Put down your smartphones, moms!I love having my smartphone at the ready. I use it to get directions, order stuff, answer e-mail, scroll social media, and sometimes even call people. But I do believe we are bordering on a future crisis in the making as we model behavior that we likely will not want our children to emulate. We are creating a society of people who know how to swipe left before they can talk, who reach for the phone before they reach for a book or a toy, who cannot stand a moment of idleness without being entertained. We need to put our phones down and pay attention to the people, places, and things around us, to engage fully in creating relationships with our children so they can go forward and do the same.

Recently, I attended a concert at beautiful Chastain Park in Atlanta, to see one of my bucket list performers, Lenny Kravitz. As he took the stage, I looked down across the rows in front of me and every person was lit by a cell phone, trying to capture the moment and post it to their friends. I was busy trying to make eye contact because, well, Lenny and I have just missed our destiny to connect. But that’s a story for another time. Even Lenny wanted everyone to focus on the music and not the sharing, and he asked that everyone put their phones away and engage fully in the music. Like magic, the little lights went mostly out. By the time “Let Love Rule” closed the show, we were all on our feet, singing the lyrics, hands raised, not a cell phone in sight.
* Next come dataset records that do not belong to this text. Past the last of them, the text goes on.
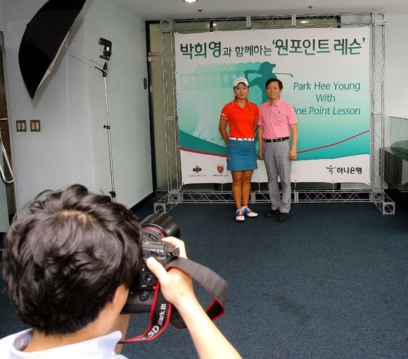 박희영은 8일 강남 스포월드 골프연습장에서 하나은행 PB 고객을 대상으로 한 원포인트 레슨 행사를 가졌다.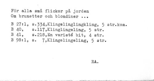 //// För alla små flickor på jorden //// Om brunetter och blondiner ... //// B 27:1, s.334,Klingelinglingkling, 5 str.kom. //// B 40, s.H7,Klinglingeling, 5 str. //// B 41, s.218,En varieté bit, 4 str. //// B 98:1, s. 7,Klingelingeling, 5 str. //// RA. ////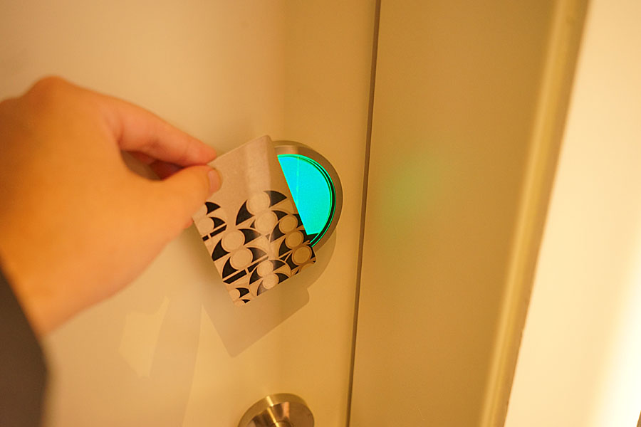 一般逼聲響起就可以直接入住了,然而這裡還會先出現綠光還有點帶藍的那種,之後燈熄即可入住。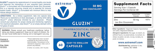 Wilson's Most Trusted Pharmaceutical Grade 50mg Zinc Capsules - Extreme V Gluzin - 60 Count

In the Wall Street Journal, I read an opinion piece from a parent who had experienced a couple of instances where children, not her own, had wandered away from parents engaged in their phones. In one case, a child had followed this parent and her child around a park for a half hour before they returned to the play area, where the mother had not even noticed her child’s absence. And when the mother was alerted to her child’s wandering, she informed her child that she should have stayed where she was told – then went back to her phone.
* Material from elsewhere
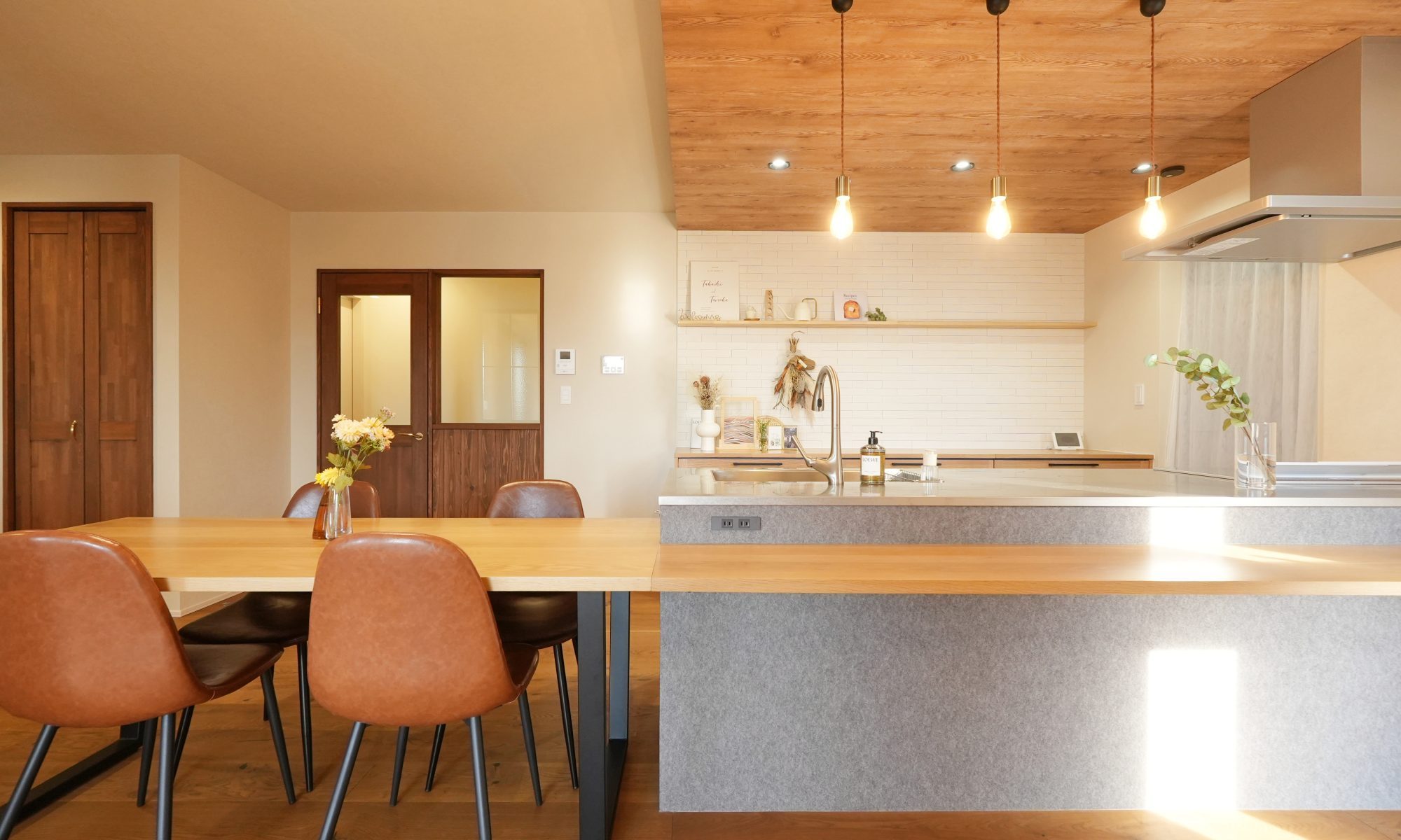 ~「素敵、快適、あなた的」なお家づくり。~ 群馬・栃木・埼玉県で本気注文住宅を お考えのお客様をサポートする「楽屋」のMAOです ✌ 本日は、キッチン下がり天井のご紹介です◎ アクセントでクロスを貼分ることで空間にメリハリも!! 人気の木目柄◎ 木目柄…

On a plane recently, which is the place where I try very hard to maintain patience with traveling children, a mother and her toddler were seated across the aisle from me. This toddler screamed, and I don’t mean crying, I mean screaming. The mother had no book, no toy, no snack, nothing but her cell phone. And whatever she was trying to engage the child with on that phone, he was not buying. She had no strategy for managing the flight together, and the rest of us paid for it. I did discover, however, that Florence and the Machine played at full volume through your head phones does blot out committed toddler screaming.

Finally, I serve as an advisor for a sorority chapter, which is challenging and rewarding. These young women are striving to make the transition from home to college and then to the world beyond. And they are crippled by and beholden to their phones. We have to require that phones are left out of chapter meetings because they cannot maintain focus for an hour. We have to maintain policies about social media posts because they do not understand the long-term ramifications of inappropriate posts. The phones have become like limbs, and they are lost without them attached at all times. Nothing is more saddening to me than watching a group of them sit together, engaged in their phones and not speaking to one another.

When my children were little, the discussion was all about screen time, meaning watching t.v. Doctors and researchers made recommendations about limiting the time and using the resource wisely, which for me was usually as the distraction when I needed a shower. And as video games and handheld devices moved into the picture, we had to navigate all the advice about game ratings and time spent head down over the devices. So I understand that technology advances and we need to advance with it. I just believe that, at this time, technology is advancing so rapidly that it is dramatically and negatively impacting the way our children will engage with the world as adults.

My plea to you, fellow parents, is to model better behavior with our phones and demand smarter interactions for our children. I truly believe our future as a society that engages meaningfully and respectfully with others is at risk if we do not.

If you would like to read more about parenting in the smartphone age, here are some helpful articles:

“Three Tips for Parents to Put Away Their Phones”
New research suggests your phone may undermine your parenting. Here’s how to limit your own screen time.

“An Age-by-Age Guide to Kids and Smartphones”
How should kids use cellphones? And at what age are they emotionally ready to have their own? Here’s what the experts have to say.

“What Parents Need to Know About Using Smartphones Around Kids”
Mobile technology can provide an escape for caregivers of young children — but it can also cause stress and negative parent-child interactions.

“The Crisis in Your Home: How Smartphones Harm Your Child”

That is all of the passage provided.